The CDC Foundation, with financial support from the American Legacy Foundation, awarded the Arizona center one of nine contracts to gain a better understanding of the effectiveness of tobacco control work in states and localities nationwide. Arizona center scientists are analyzing the degree to which four southwestern border states (Arizona, California, New Mexico, and Texas) have addressed and implemented CDC’s Best Practices for Comprehensive Tobacco Control Programs in Hispanic and Native American communities. These guidelines provide states with recommended strategies to prevent and reduce tobacco use, eliminate nonsmokers’ exposure to environmental tobacco smoke, and identify and eliminate disparities related to tobacco use and its effects among different population groups.
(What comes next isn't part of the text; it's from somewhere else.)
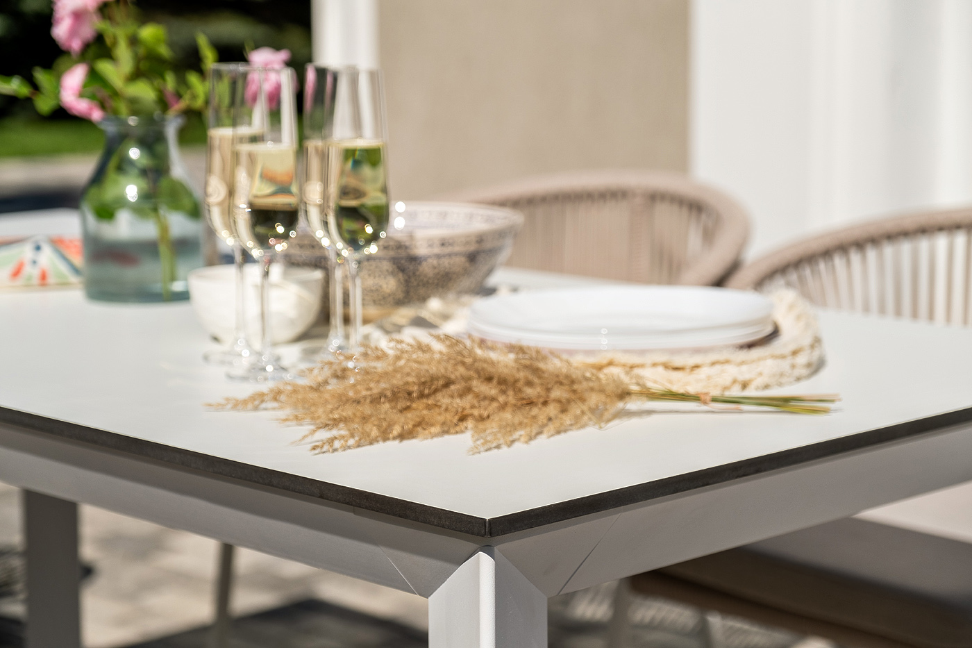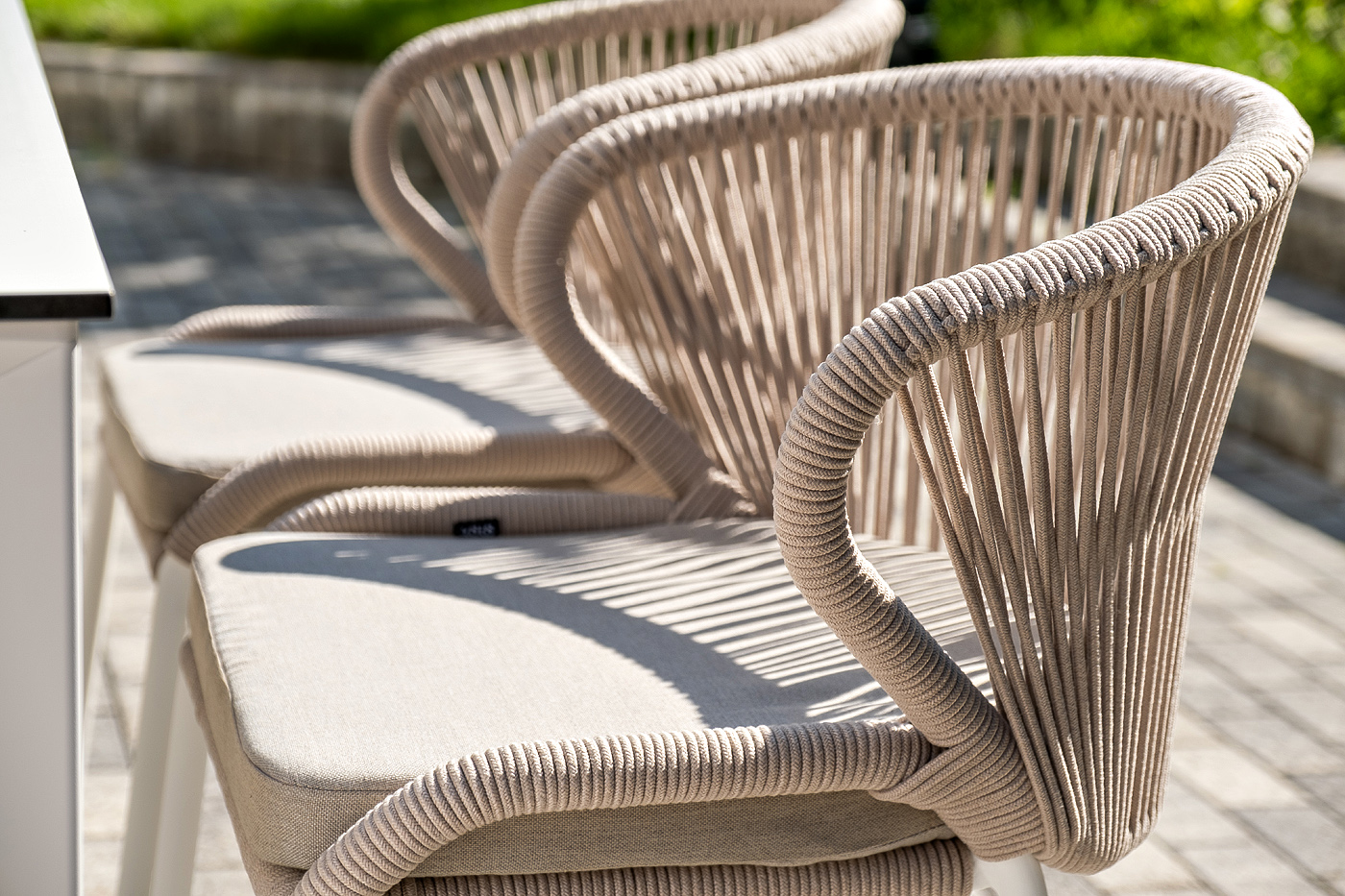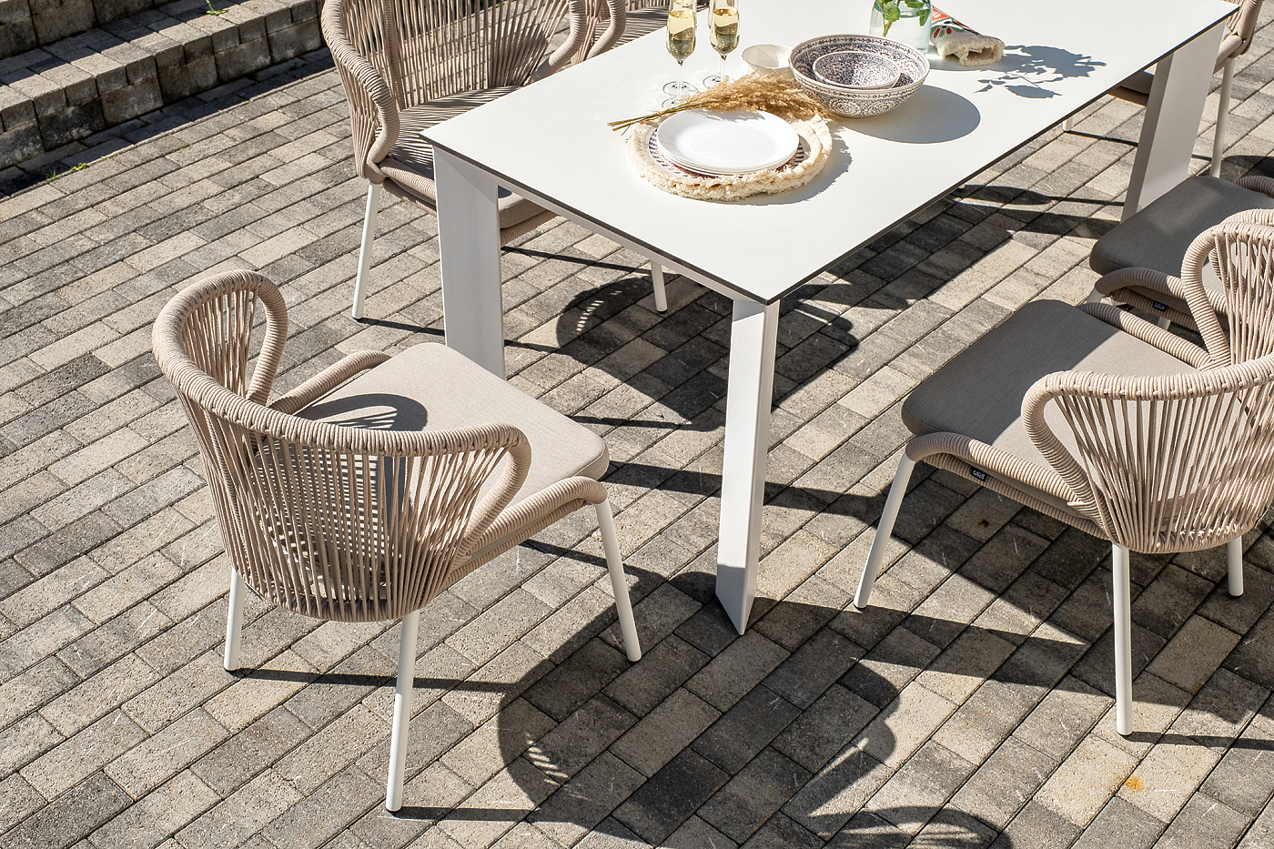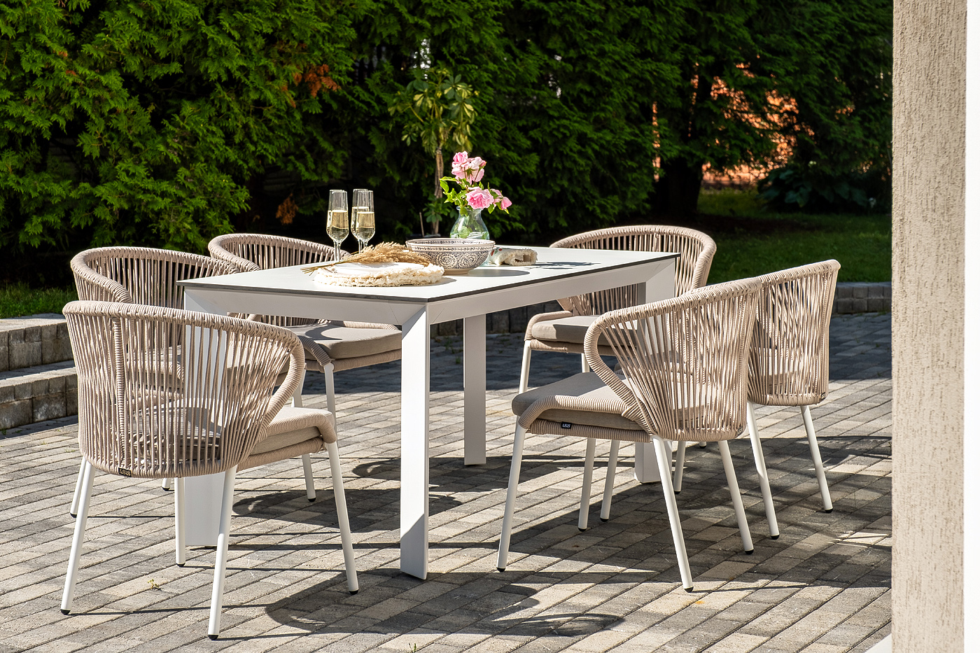 Стол «Венето» оснащен столешницей из надежного HPL-пластика, который обладает высокими показателями стойкости к истиранию, ударам, высоким температурам и влаге, обеспечивая долговечность использования "Венето" обеденный стол из HPL 160х80см, цвет молочный, каркас белый 1шт. 1 600Х800Х750, "Милан" стул плетеный из роупа, каркас алюминий белый муар, роуп бежевый круглый, ткань бежевая 15052 6шт. 600Х660Х810,

“We start with CDC’s guidelines, adapt and develop them for a particular group, and then look at what works and why,” says Michael Lebowitz, M.D., director of the Arizona center. Lebowitz says such research is possible because of the special ability of the PRCs to assess the nature of a community and its interactions and to evaluate how specific ethnic populations deal with health matters. “We’ve been working with Native American and Hispanic communities for over fifteen years,” he says, “so we have a good basis for this project.”

Myra Muramoto, M.D., M.P.H., one of two principal investigators at the Arizona center, divides her time between university research and family practice. “You have to respect the culture of a community if you’re going to have an impact on behavior,” she says. As an example, Muramoto points to ceremonial use of tobacco among Native Americans. “We have to make it very clear that our intention is not to interfere with ceremonial use, while at the same time, getting out the message about the dangers of commercial tobacco use.”

Hispanic communities pose different challenges. “In our southwest Hispanic communities, respect for family and the community is of primary importance,” says Muramoto. “Community members told us that concern for the health of the family would be a culturally relevant way to engage people in smoking cessation interventions.” But, she says, these values present special challenges. “For example, say you’ve decided to quit smoking, and your father’s best friend, an elder you respect, offers you a cigarette. How do you refuse without insulting him?”

Jesse Nodora, Dr.P.H., is local projects administrator at the Arizona Department of Health Services’ Office of Tobacco Education and Prevention Programs and co-principal investigator on the project. He says that designing culturally sensitive interventions goes beyond the broad categories of Hispanic and Native American. “Within each of the several different tribes in Arizona and our border areas, there are multiple clans and family groups, each with its own cultural practices.” In addition, he says, many of the multicultural groups are made up of members of different tribes. In the Hispanic community, Nodora says, similar issues exist.

“‘Hispanic’ is a catchall label,” he says. “Those boxes that you check on census forms for ‘white,’ ‘black,’ ‘Hispanic,’ or ‘Asian,’ don’t really mean much. These include people who have been in this country for five or six generations and those who have been here only a few months. What works in one group may not work in another.”

This intimate understanding of the role tobacco plays within a given community made the PRCs ideally suited to help carry out the mission of the American Legacy Foundation. “We’re deeply committed to supporting research to identify those programs that work best to curb tobacco’s tragic tolls,” says Cheryl G. Healton, Dr.P.H., president and CEO of Legacy. “This funding will identify the types of programs in communities that can be replicated in cities and towns from coast to coast to help extinguish tobacco use.”